**Task statement:** Your output should be everything below from the line containing "The suspects are" down to the line containing "本教程的目标是为解决大规模预", both ends included, copied exactly, with pictures left out.

**Source data:**
= = = = = = =
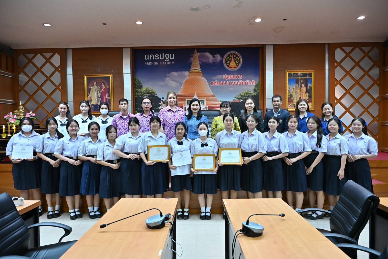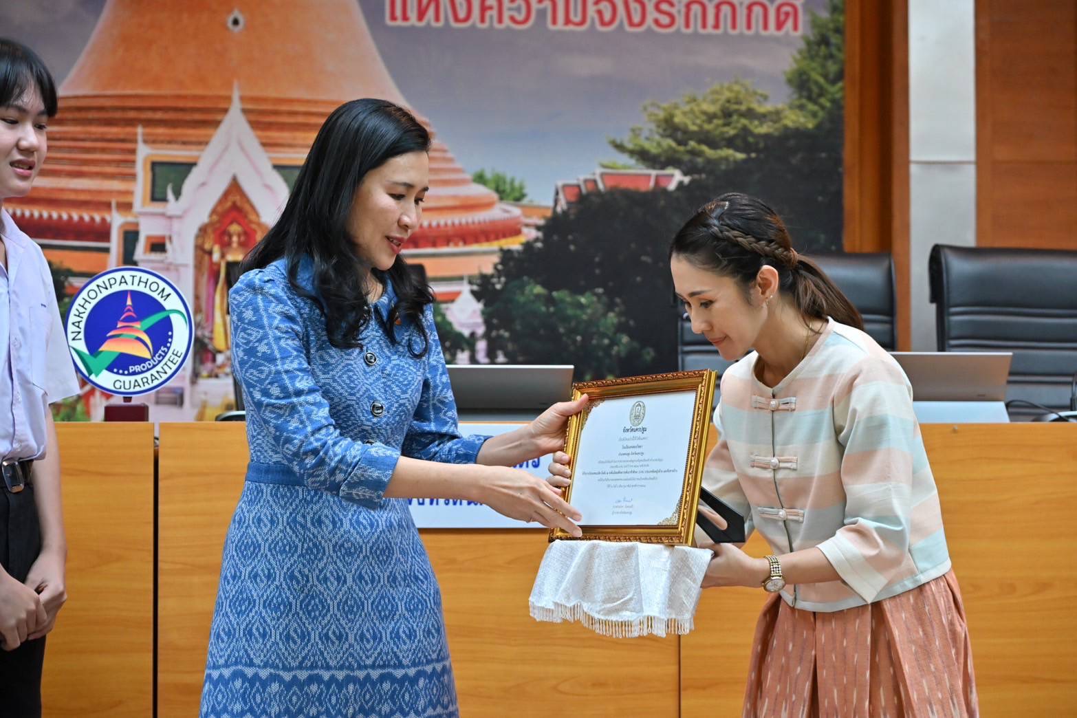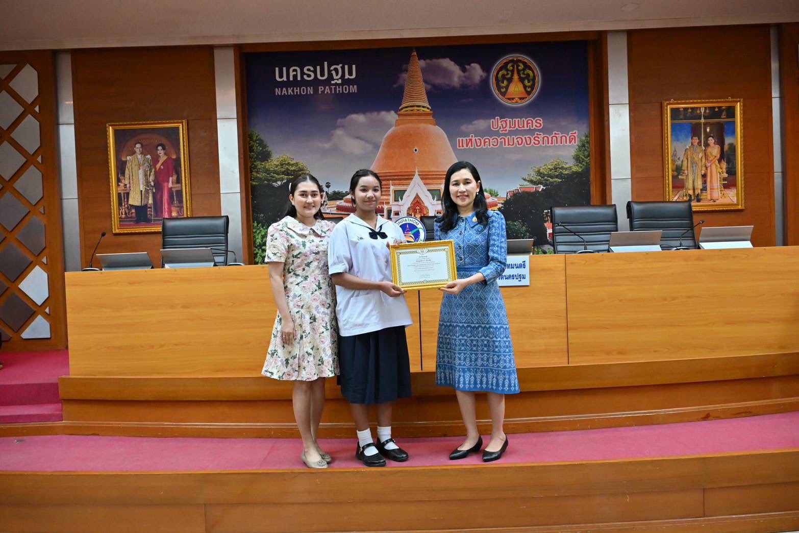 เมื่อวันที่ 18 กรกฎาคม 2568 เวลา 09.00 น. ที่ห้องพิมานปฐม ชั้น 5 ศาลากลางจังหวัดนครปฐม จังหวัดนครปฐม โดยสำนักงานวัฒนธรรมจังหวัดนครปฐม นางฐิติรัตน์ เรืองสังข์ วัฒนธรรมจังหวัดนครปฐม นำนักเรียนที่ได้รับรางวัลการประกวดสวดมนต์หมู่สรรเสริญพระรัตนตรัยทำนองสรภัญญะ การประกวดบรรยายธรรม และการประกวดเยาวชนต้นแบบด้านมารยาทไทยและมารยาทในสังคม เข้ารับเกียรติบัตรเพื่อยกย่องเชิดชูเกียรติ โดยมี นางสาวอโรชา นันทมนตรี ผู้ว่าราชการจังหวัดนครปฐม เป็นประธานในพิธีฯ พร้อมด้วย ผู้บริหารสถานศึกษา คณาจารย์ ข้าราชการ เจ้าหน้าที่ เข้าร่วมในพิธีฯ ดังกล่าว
= = = = = = =
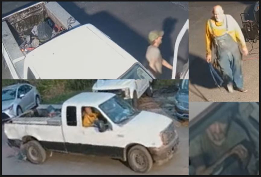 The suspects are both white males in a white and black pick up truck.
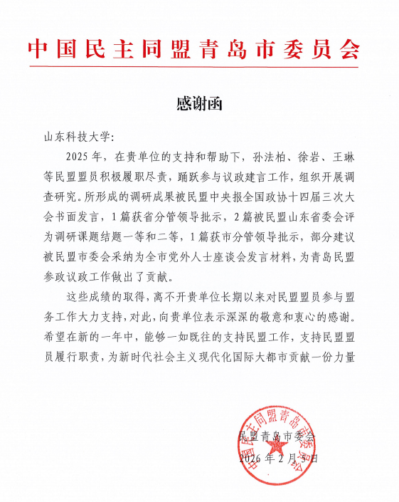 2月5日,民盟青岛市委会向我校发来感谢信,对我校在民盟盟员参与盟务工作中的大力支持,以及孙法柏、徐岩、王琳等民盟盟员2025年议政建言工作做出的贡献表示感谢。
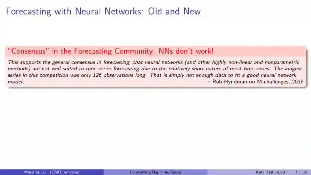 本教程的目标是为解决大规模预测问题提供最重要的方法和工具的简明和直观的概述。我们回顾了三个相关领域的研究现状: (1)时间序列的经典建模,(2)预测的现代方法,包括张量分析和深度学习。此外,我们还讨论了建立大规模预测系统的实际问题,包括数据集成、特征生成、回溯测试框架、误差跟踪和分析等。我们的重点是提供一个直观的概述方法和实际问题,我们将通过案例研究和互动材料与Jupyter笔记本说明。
= = = = = = =
**Solution:**
 The suspects are both white males in a white and black pick up truck.
 2月5日,民盟青岛市委会向我校发来感谢信,对我校在民盟盟员参与盟务工作中的大力支持,以及孙法柏、徐岩、王琳等民盟盟员2025年议政建言工作做出的贡献表示感谢。
 本教程的目标是为解决大规模预测问题提供最重要的方法和工具的简明和直观的概述。我们回顾了三个相关领域的研究现状: (1)时间序列的经典建模,(2)预测的现代方法,包括张量分析和深度学习。此外,我们还讨论了建立大规模预测系统的实际问题,包括数据集成、特征生成、回溯测试框架、误差跟踪和分析等。我们的重点是提供一个直观的概述方法和实际问题,我们将通过案例研究和互动材料与Jupyter笔记本说明。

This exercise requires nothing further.